Composite partitioning (Arrow and Cayenne) layers multiple expressions hierarchically — e.g. year then month — to combine pruning across dimensions.

Partitioning is most useful when:

Queries reliably filter on a small subset of values (region = 'EU', tenant_id IN (...), created_at >= today() - INTERVAL '7 days').
A single column has high cardinality and partitioning by it directly would create too many tiny files — bucket(N, col) collapses to N partitions.
The dataset grows large enough that scanning the whole acceleration on every query is expensive.

Configuration

`partition_by`

Lives directly under acceleration: (not under acceleration.params:).

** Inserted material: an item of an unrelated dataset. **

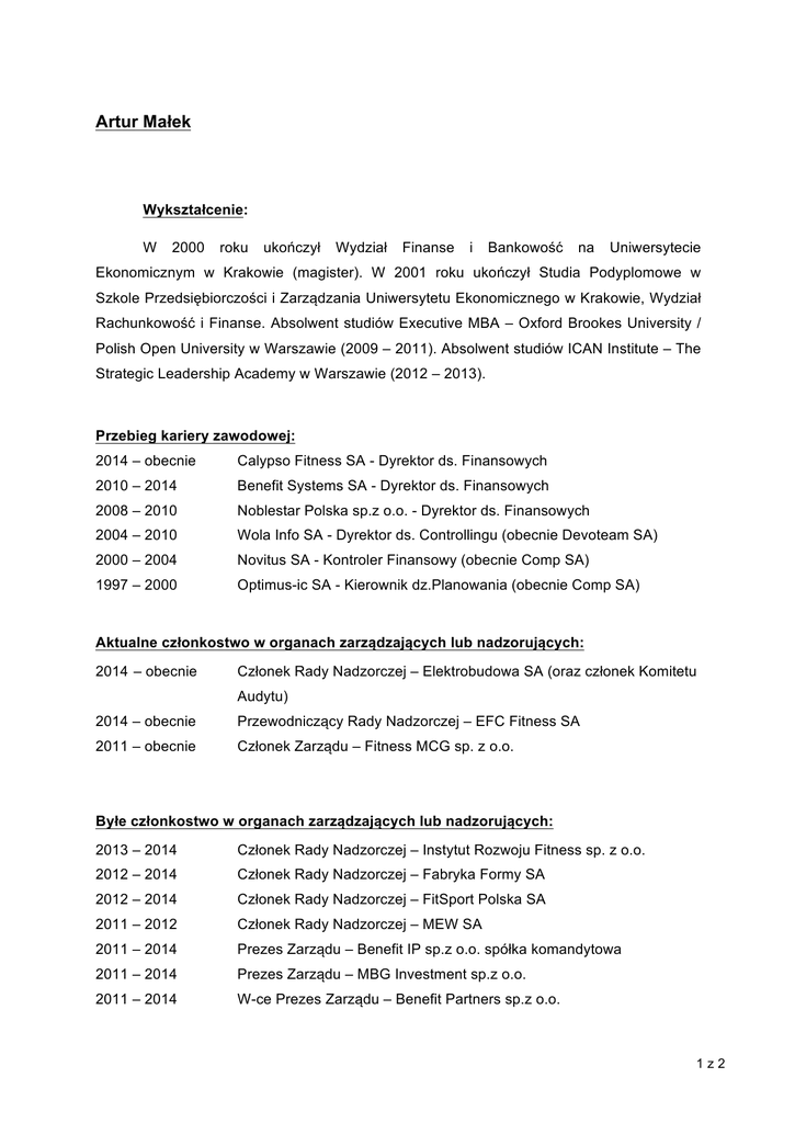 Artur Małek Wykształcenie: W 2000 roku ukończył Wydział Finanse i Bankowość na Uniwersytecie Ekonomicznym w Krakowie (magister). W 2001 roku ukończył Studia Podyplomowe w Szkole Przedsiębiorczości i Zarządzania Uniwersytetu Ekonomicznego w Krakowie, Wydział Rachunkowość i Finanse. Absolwent studiów Executive MBA – Oxford Brookes University / Polish Open University w Warszawie (2009 – 2011). Absolwent studiów ICAN Institute – The Strategic Leadership Academy w Warszawie (2012 – 2013). Przebieg kariery zawodowej: 2014 – obecnie Calypso Fitness SA - Dyrektor ds. Finansowych 2010 – 2014 Benefit Systems SA - Dyrektor ds. Finansowych 2008 – 2010 Noblestar Polska sp.z o.o. - Dyrektor ds. Finansowych 2004 – 2010 Wola Info SA - Dyrektor ds. Controllingu (obecnie Devoteam SA) 2000 – 2004 Novitus SA - Kontroler Finansowy (obecnie Comp SA) 1997 – 2000 Optimus-ic SA - Kierownik dz.Planowania (obecnie Comp SA) Aktualne członkostwo w organach zarządzających lub nadzorujących: 2014 – obecnie Członek Rady Nadzorczej – Elektrobudowa SA (oraz członek Komitetu Audytu) 2014 – obecnie Przewodniczący Rady Nadzorczej – EFC Fitness SA 2011 – obecnie Członek Zarządu – Fitness MCG sp. z o.o. Byłe członkostwo w organach zarządzających lub nadzorujących: 2013 – 2014 Członek Rady Nadzorczej – Instytut Rozwoju Fitness sp. z o.o. 2012 – 2014 Członek Rady Nadzorczej – Fabryka Formy SA 2012 – 2014 Członek Rady Nadzorczej – FitSport Polska SA 2011 – 2012 Członek Rady Nadzorczej – MEW SA 2011 – 2014 Prezes Zarządu – Benefit IP sp.z o.o. spółka komandytowa 2011 – 2014 Prezes Zarządu – MBG Investment sp.z o.o. 2011 – 2014 W-ce Prezes Zarządu – Benefit Partners sp.z o.o. 1z2 2010 – 2014 Członek Rady Nadzorczej – Vanity Style sp. z o.o. 2009 – 2010 Członek Zarządu – Noblestar Polska sp. z o.o. Artur Małek nie prowadzi, ani nie uczestniczy w prowadzeniu działalności, która byłaby konkurencyjna w stosunku do działalności Emitenta, nie uczestniczy w innej spółce konkurencyjnej jako wspólnik spółki cywilnej, spółki osobowej lub jako członek organu spółki kapitałowej oraz nie uczestniczy w innej konkurencyjnej osobie prawnej jako członek jej organu. 2z2

It's a list of expressions; each entry is either a plain string or a single-entry { name: expression } mapping:

acceleration:
  enabled: true
  engine: arrow
  partition_by:
    # Anonymous expression — auto-named "expr0", "expr1", …
    - "YEAR(created_at)"
    # Named expression
    - month: "MONTH(created_at)"

Multi-entry mappings (- year: "…", month: "…" on one list item) are rejected at load time.

`partition_mode` (DuckDB only)

Under acceleration.params.partition_mode. Selects how DuckDB physically lays out partitions:

Value	Layout	Default
`files`	Each partition is its own DuckDB file in a Hive-style directory (`column=value/…`).	✓
`tables`	Single DuckDB file with one table per partition (discovered via `information_schema.tables`).

acceleration:
  enabled: true
  engine: duckdb
  mode: file
  partition_by:
    - bucket(50, PULocationID)
  params:
    partition_mode: tables   # default is `files`

Supported engines

Engine	Required `mode:`	Multi-expression	Layout
`arrow`	(memory; default)	Yes	One Arrow `MemTable` per partition value.
`duckdb`	`file`	No (single only)	Hive-style files (`partition_mode: files`) or per-partition tables (`partition_mode: tables`).
`cayenne`	`file`	Yes	One Vortex table per partition; catalog in a SQLite metadata file.

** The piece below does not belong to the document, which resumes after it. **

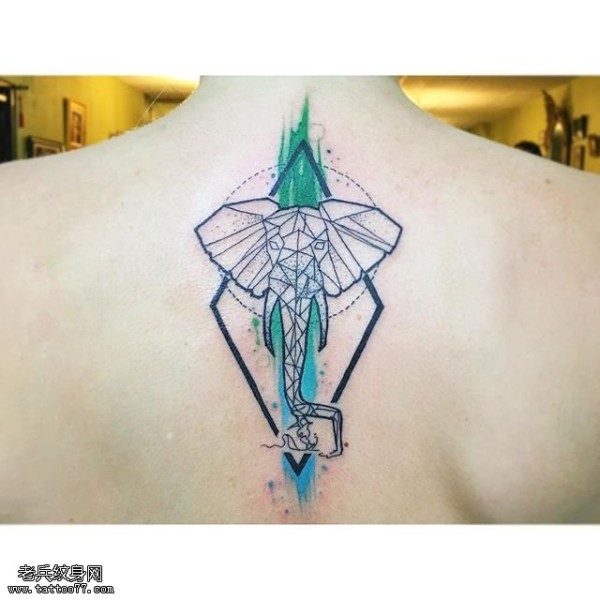 背部点刺线条大象纹身图案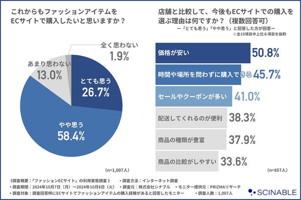 「店舗と比較して、ECサイトでの購入を選ぶ理由は?」という問いには、「価格が安い(50.8%)」、「時間や場所を問わず購入できる(45.7%)」、「セールやクーポンが多い(41.0%)」という結果が得られました。

sqlite, postgres, and turso accelerators do not support partition_by.

Partition transforms

partition_by accepts any DataFusion-compatible scalar SQL expression that returns a String, integer, Boolean, or Timestamp and references exactly one column from the dataset. The most common partition transforms are:

`bucket(num_buckets, column)`

Hashes column into num_buckets deterministic buckets.

num_buckets must be a positive integer literal ≤ 1,000,000.
The return type matches num_buckets — bucket(50, …) (Int64 literal) returns Int64; bucket(50::int32, …) returns Int32.
Same input always maps to the same bucket for a given num_buckets (uses ahash with a fixed seed).
Use for: high-cardinality columns where direct partitioning would create too many partitions (user_id, account_id, device_id).

partition_by:
  - bucket(100, user_id)

See the bucket reference for the full SQL signature.

`truncate(width, value)`

Truncates to the next-lower multiple of width. Iceberg's truncate transform.

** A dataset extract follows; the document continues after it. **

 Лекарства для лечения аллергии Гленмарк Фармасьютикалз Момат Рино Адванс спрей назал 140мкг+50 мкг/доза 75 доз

width must be a positive Int64 literal.
value may be any signed/unsigned integer, Decimal128/Decimal256, Utf8 (string), or Binary. For strings/binary, returns the first width units.
Returns the same type as value.
Use for: floor-bucketing wide numeric ranges (truncate(1000, amount)), or grouping strings by prefix (truncate(2, country_code)).

partition_by:
  - truncate(1000, amount)

See the truncate reference for examples.

`date_part(unit, column)` and `date_trunc(unit, column)`

Built-in DataFusion datetime functions. Useful for time-based partitioning at year, month, day, or hour granularity.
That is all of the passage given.